Soon after the war, Mojica Kidder met an Air Force veteran named Charley Gonzales Kidder who had recently moved to Austin to attend the University of Texas. They fell in love and married young, but as her father had always insisted, she finished high school before completely settling down. As did many women, Latina women especially, she set aside further education to start a family.

MojicaKidder did not experience the hardship of hateful racism as a young adult.

“The term 'discrimination' was kind of tossed about here and there,” she recalls. “It didn’t mean an awful lot. We [Hispanics] didn’t feel discriminated against.”

She instead felt the sting of missed opportunity. At her high school, certain programs, scholarships and clubs were, in a manner unspoken, reserved for white students. It was simply understood, she explains, that “Hispanics needn’t apply.”

Discrimination was present, but more so in some areas than in others. According to Rodolfo Acuña, author of "Occupied America: A History of Chicanos," businesses and schools around the nation were still segregated, and mainstream American society had not yet accepted Hispanics as equals. Hispanic soldiers returned from combat empowered and enlightened to the struggles at home and formed organizations to combat segregation and inequality.

MojicaKidder’s husband was active in this pursuit. Around the time the couple met, he was active in the GI Forum, which had formed in 1948 to combat prejudice against Hispanic Americans and to promote education.

He was also a founding member and the first president of the Alba Club, a group that pursued similar interests at the University of Texas.

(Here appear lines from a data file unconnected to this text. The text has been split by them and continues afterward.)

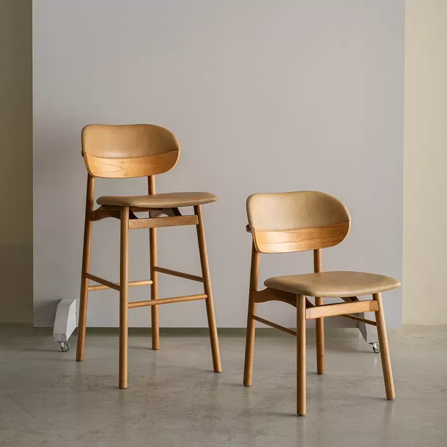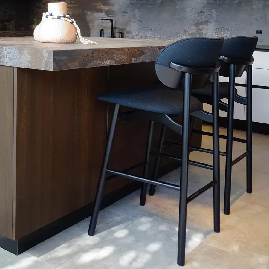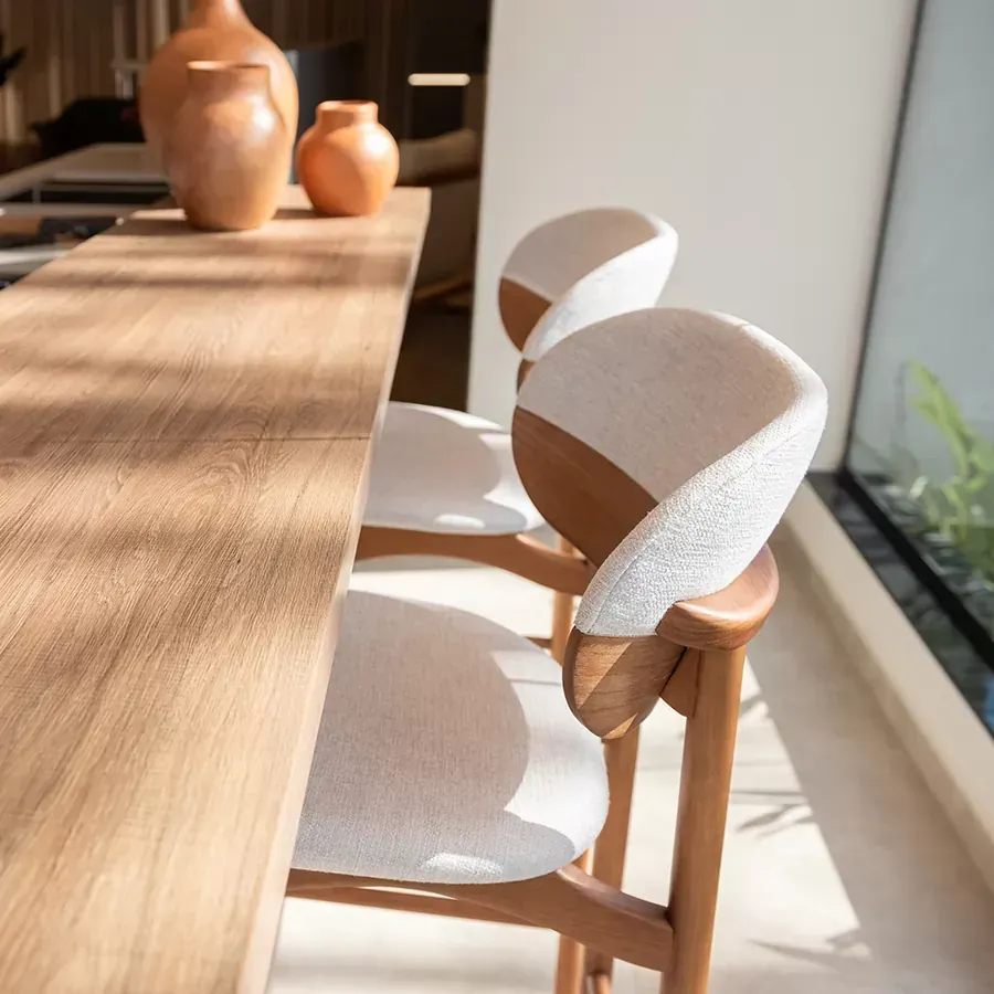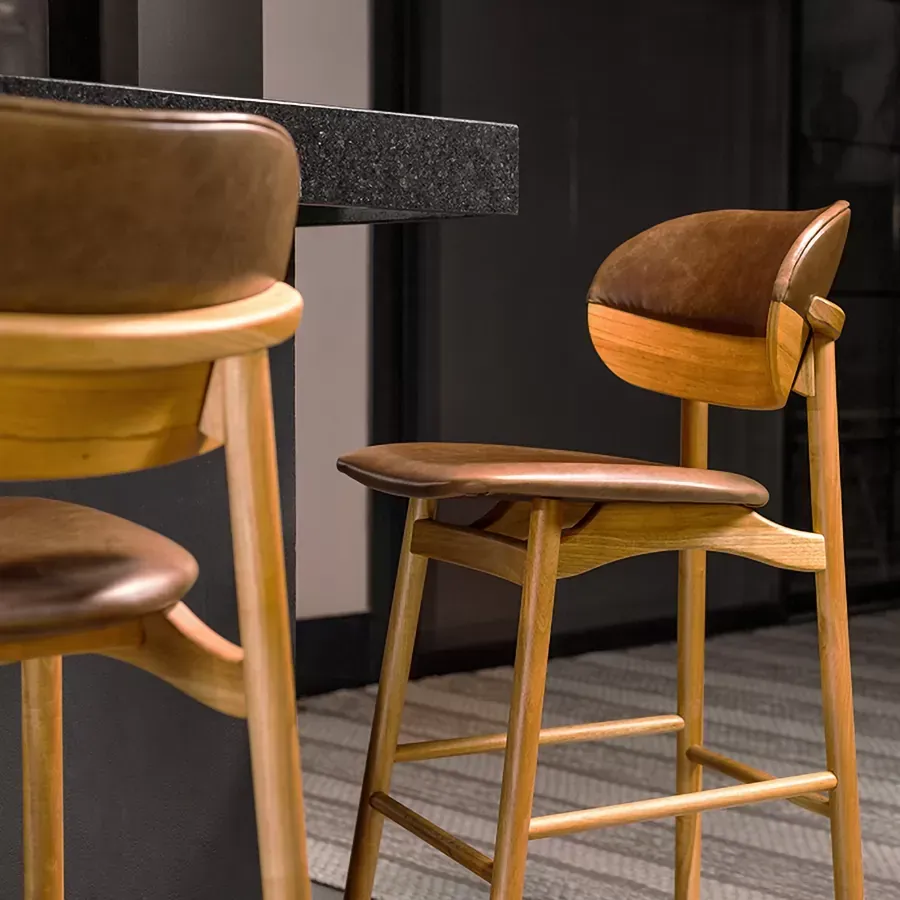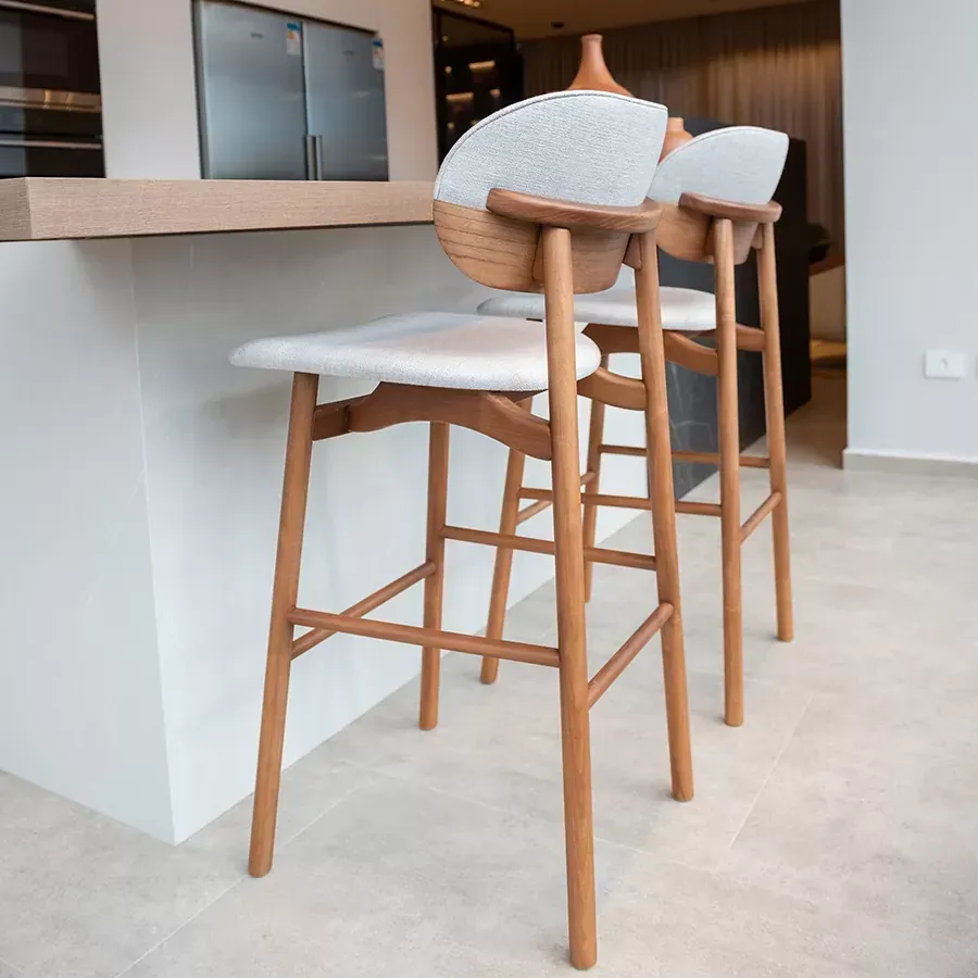 A banqueta Grão é ideal para bancadas, cozinhas ou espaços gourmet. Seu espaldar bipartido remete a um grão de café, revestido em madeira laminada e couro. De estrutura torneada, se destaca pelo seu assento anatômico que provoca a sensação de flutuação.
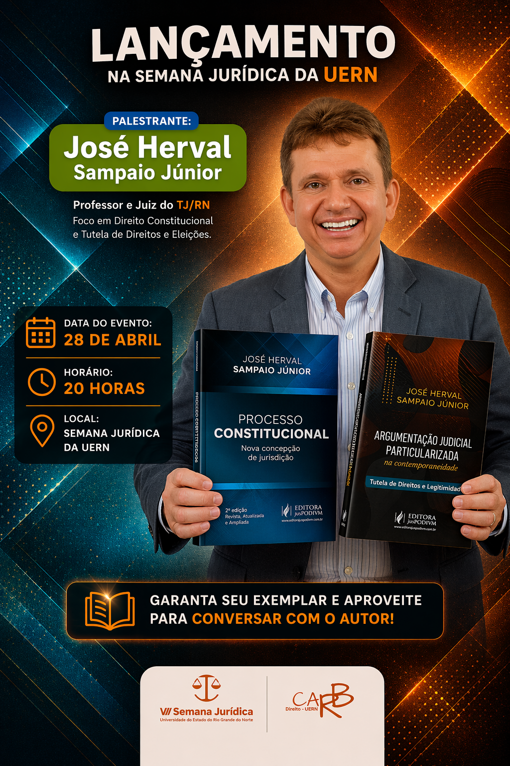 O professor e juiz de direito Herval Sampaio Junior lançará dois livros durante a Semana Jurídica da Uern no próximo dia 28 de abril, às 20h.
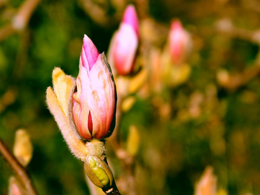 仲春三月﹐園子裡熱鬧起來﹐櫻花開盛了﹐落英為辛夷花鋪路﹐白的﹑粉的﹑淺紫的﹑紛紛佔據了天空﹐洋水仙﹑鬱金香﹑風信子﹑山茶花﹐還有說不出名字的小花﹐冒著料峭的寒﹐勇敢展顏。
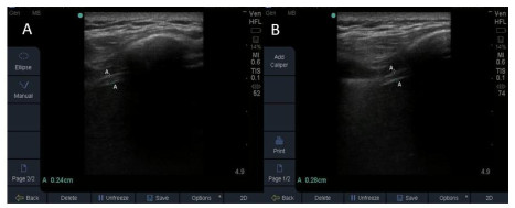 A:吸气末膈肌厚度;B:呼气末膈肌厚度 图 2 膈肌厚度 Fig 2 Diaphragm thickness |
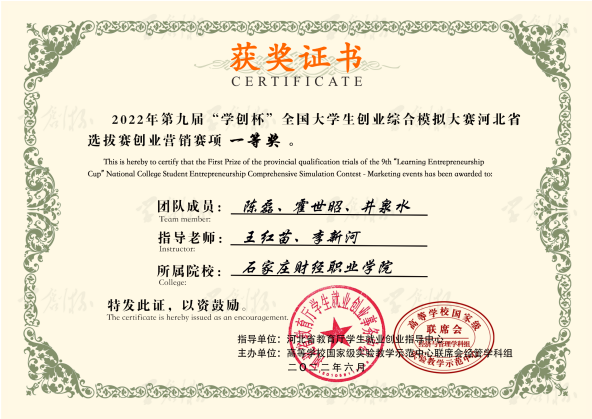 2022年第九届“学创杯”全国大学生创业综合模拟大赛河北选拔赛创业综合模拟赛项一等奖
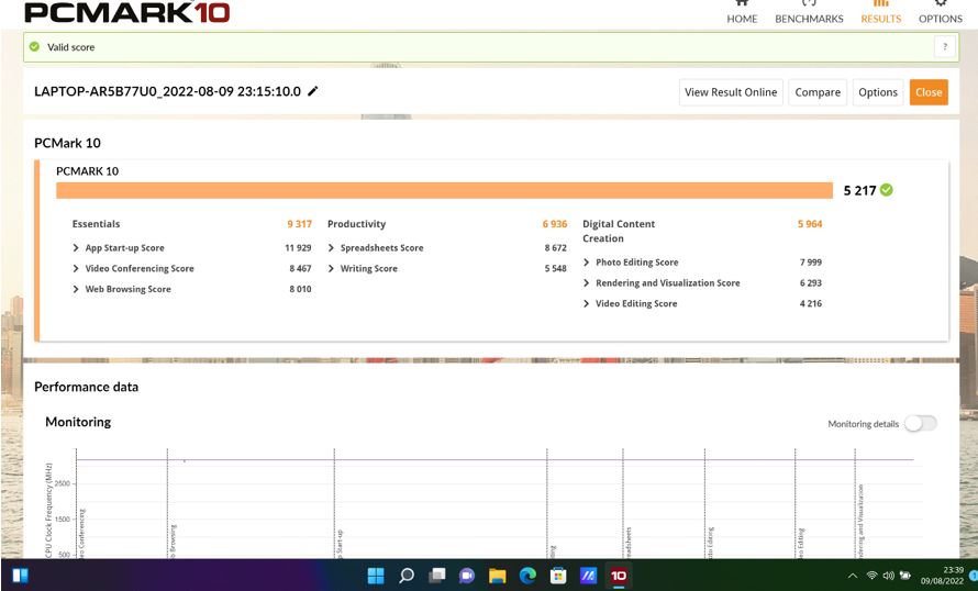 Kinerja single core ataupun multi-core AMD Ryzen 7 5800H yang digunakan oleh ASUS Vivobook Pro 14 OLED cukup memuaskan. Performanya lebih tinggi dibanding AMD Ryzen 7 5800U dan kecepatan turbo maksimum 8 core-nya hanya dibatasi di 3,4GHz sementara Ryzen 7 5800H bisa mencapai 3,8GHz.
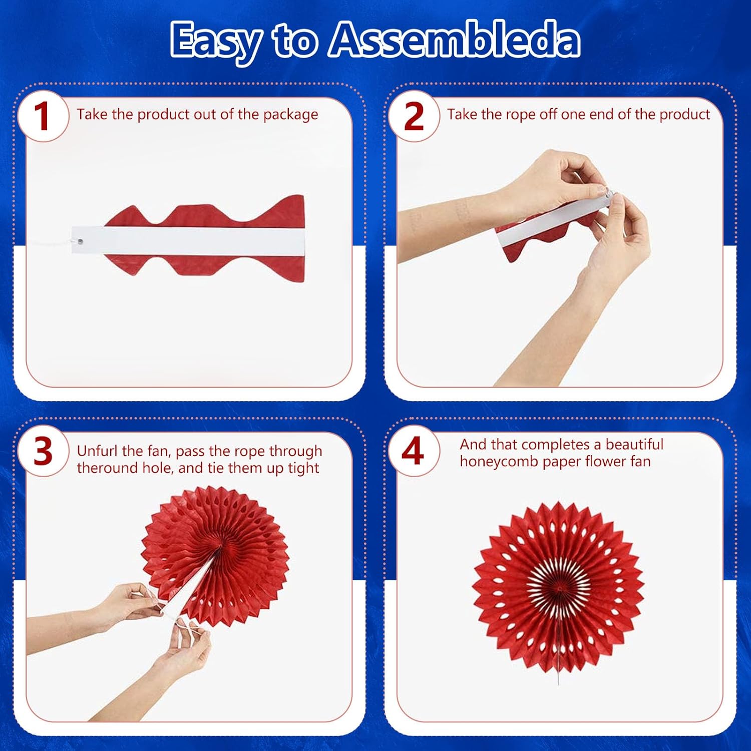 • 【Hanging paper fan set】Paper fan set includes 20 paper fans of different sizes, among which the paper flower fan size is 14 inches * 3, 12 inches * 5, 8 inches * 6, and 6 inches*6.
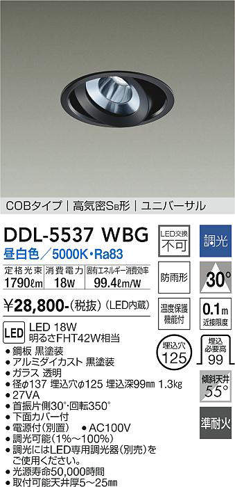 大光電機(DAIKO) DDL-5537WBG ダウンライト 埋込穴φ125 調光(調光器別売) 昼白色 LED内蔵 別置電源付 COBタイプ 高気密SB ユニバーサル 準耐火 防雨形 黒
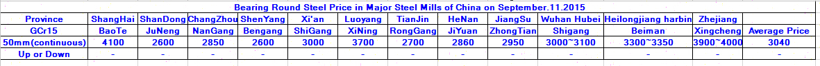 September.11.2015 Bearing Round Steel Price in Major Steel Mills of China
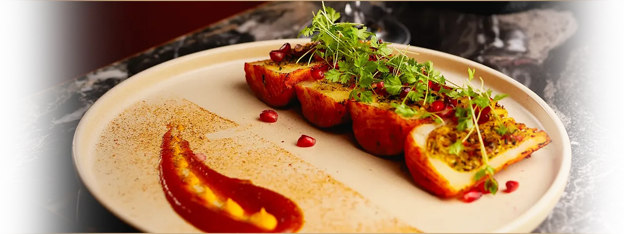 9.900 Ft / 26 €Malai brokkoli, Tandoori Paneer sajt, Chowk ki Tikki, Barwan Aloo, menta és paradicsom Chutney.
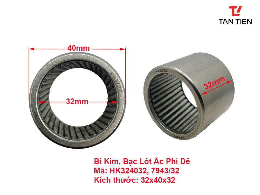 Bạc Đạn Đũa, Bi Kim HK324032, 7943/32, 00290-94332, 12K2014-14 có kích thước 32x40x32mm là bạc ắc phi dê dùng trên xe nâng Heli 2-3 tấn và một vài hãng xe nâng Trung Quốc khác dòng CPCD20/25/30
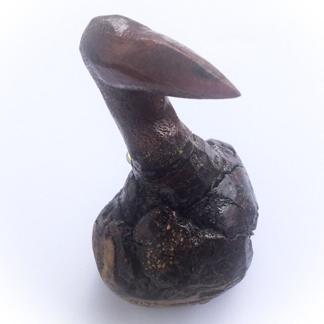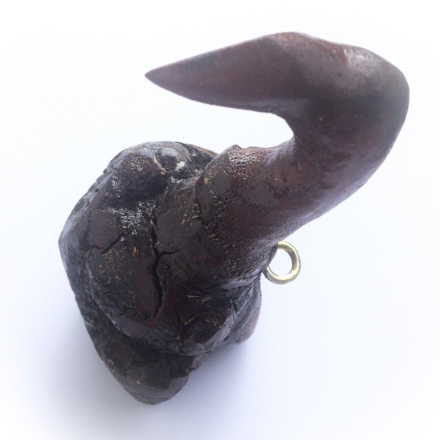 The Ga Fak Rak Crow is formed from the natural shape and form of the Sacred Ga Fak Rak wood, which has required only the minimum of caring to enhance the already crow head shaped piece of Sacred wood. Empowered with the Wicha of Luang Por Prohm, Master of the temple of Luang Por Kong; Wat Ban Suan, in Pattalung.

In the late 1940s, the Alba Club and the GI Forum joined forces with the League of United Latin American Citizens in the case Delgado v. Bastrop Independent School District, which challenged the segregation of Mexican Americans in public schools in Bastrop, Texas.

MojicaKidder did not participate in the political activism her husband pursued. According to Lisa Martinez, author of "Contours of Citizenship: Women, Diversity and Practices of Citizenship," in the early Chicano Movement men fought against injustice for themselves while women were largely left out of the equation. MojicaKidder, however, found her own voice. She decided to promote change by educating others.

MojicaKidder returned to school with the support of her husband and children and earned bachelor's and master's degrees from Southwest Texas State University, now Texas State University. She taught at a number of institutions before achieving her dream of teaching at Victoria College in Victoria, Texas.

“I was just then beginning to get the idea that -- wow! -- we are supposed to think for ourselves? We are supposed to do things?” Kidder said of her epiphany. “What can I do? What kind of role can I do?”

Mojica​ Kidder’s love of education has directed her life’s path as well as her efforts to enrich the lives of others. In her retirement, she works with programs that promote education. She aims to present the opportunities she had to some who otherwise would not have them. Most notably, she is a member of the Latina Forum in Victoria, which awards scholarships to exemplary young Latina women.

Recounting a trip she took to Europe with her husband, MojicaKidder reflected on how far she has come.

“[From] this little girl in Taylor that was held up to look at the school, and who went to first grade and didn’t know what was going on, and then … ” she smiled. “I’ve been so blessed.”

Mrs. MojicaKidder was interviewed by Taylor Peterson in Goliad, Texas, on July 20, 2010.